Ere I permitted myself to request an explanation, I tied the string of Adèle's pinafore, which happened to be loose: having helped her also to another bun and refilled her mug with milk, I said, nonchalantly -
"Mr. Rochester is not likely to return soon, I suppose?"
"Indeed he is - in three days, he says: that will be next Thursday; and not alone either. I don't know how many of the fine people at the Leas are coming with him: he sends directions for all the best bedrooms to be prepared; and the library and drawing-rooms are to be cleaned out; I am to get more kitchen hands from the George Inn, at Millcote, and from wherever else I can; and the ladies will bring their maids and the gentlemen their valets: so we shall have a full house of it." And Mrs. Fairfax swallowed her breakfast and hastened away to commence operations.

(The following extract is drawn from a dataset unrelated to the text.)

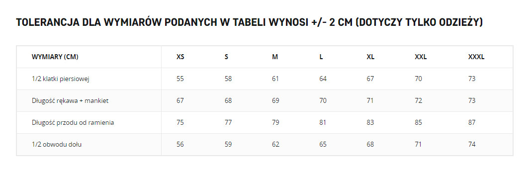 - Kieszeń na lewym przedramieniu (zapięcie na zamek),

The three days were, as she had foretold, busy enough. I had thought all the rooms at Thornfield beautifully clean and well arranged; but it appears I was mistaken. Three women were got to help; and such scrubbing, such brushing, such washing of paint and beating of carpets, such taking down and putting up of pictures, such polishing of mirrors and lustres, such lighting of fires in bedrooms, such airing of sheets and feather-beds on hearths, I never beheld, either before or since. Adèle ran quite wild in the midst of it: the preparations for company and the prospect of their arrival, seemed to throw her into ecstasies. She would have Sophie to look over all her "toilettes," as she called frocks; to furbish up any that were "passées," and to air and arrange the new. For herself, she did nothing but caper about in the front chambers, jump on and off the bedsteads, and lie on the mattresses and piled-up bolsters and pillows before the enormous fires roaring in the chimneys. From school duties she was exonerated: Mrs. Fairfax had pressed me into her service, and I was all day in the storeroom, helping (or hindering) her and the cook; learning to make custards and cheese-cakes and French pastry, to truss game and garnish desert-dishes.

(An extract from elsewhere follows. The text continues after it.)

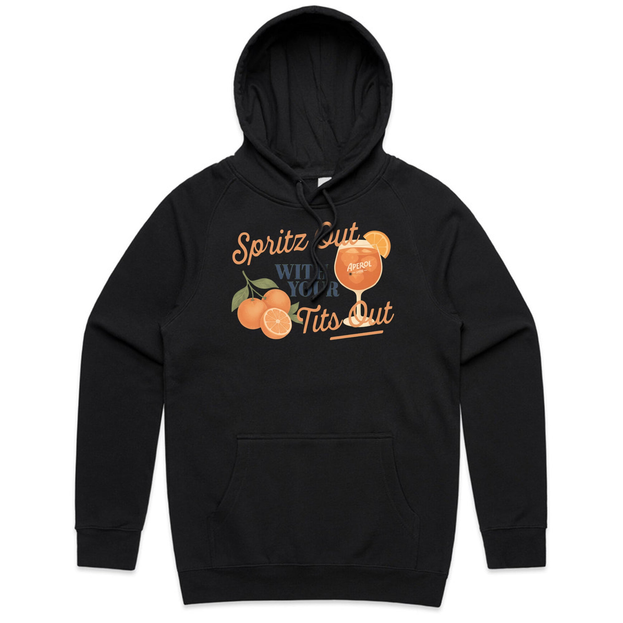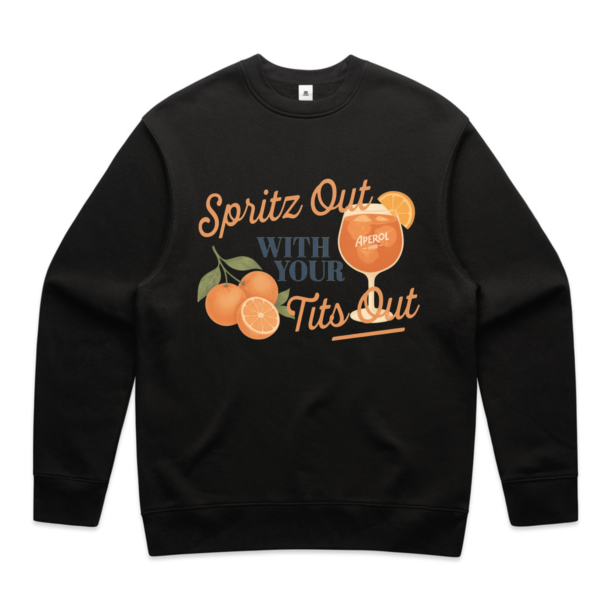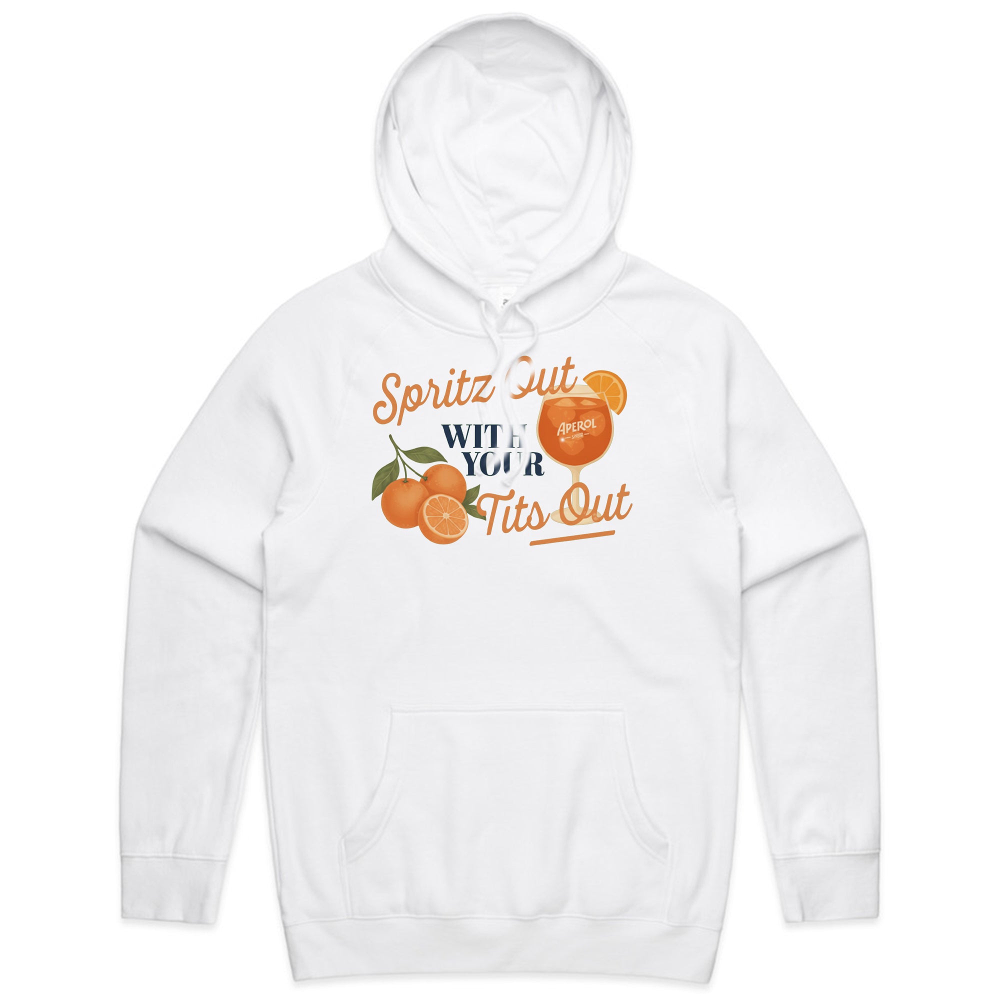 A white T-shirt featuring a vintage-inspired graphic of three oranges and a glass of Aperol Spritz.

The party were expected to arrive on Thursday afternoon, in time for dinner at six. During the intervening period I had no time to nurse chimeras; and I believe I was as active and gay as anybody - Adèle excepted. Still, now and then, I received a damping check to my cheerfulness; and was, in spite of myself, thrown back on the region of doubts and portents, and dark conjectures. This was when I chanced to see the third-storey staircase door (which of late had always been kept locked) open slowly, and give passage to the form of Grace Poole, in prim cap, white apron, and handkerchief; when I watched her glide along the gallery, her quiet tread muffled in a list slipper; when I saw her look into the bustling, topsy-turvy bedrooms, - just say a word, perhaps, to the charwoman about the proper way to polish a grate, or clean a marble mantelpiece, or take stains from papered walls, and then pass on. She would thus descend to the kitchen once a day, eat her dinner, smoke a moderate pipe on the hearth, and go back, carrying her pot of porter with her, for her private solace, in her own gloomy, upper haunt. Only one hour in the twenty-four did she pass with her fellow-servants below; all the rest of her time was spent in some low-ceiled, oaken chamber of the second storey: there she sat and sewed - and probably laughed drearily to herself, - as companionless as a prisoner in his dungeon.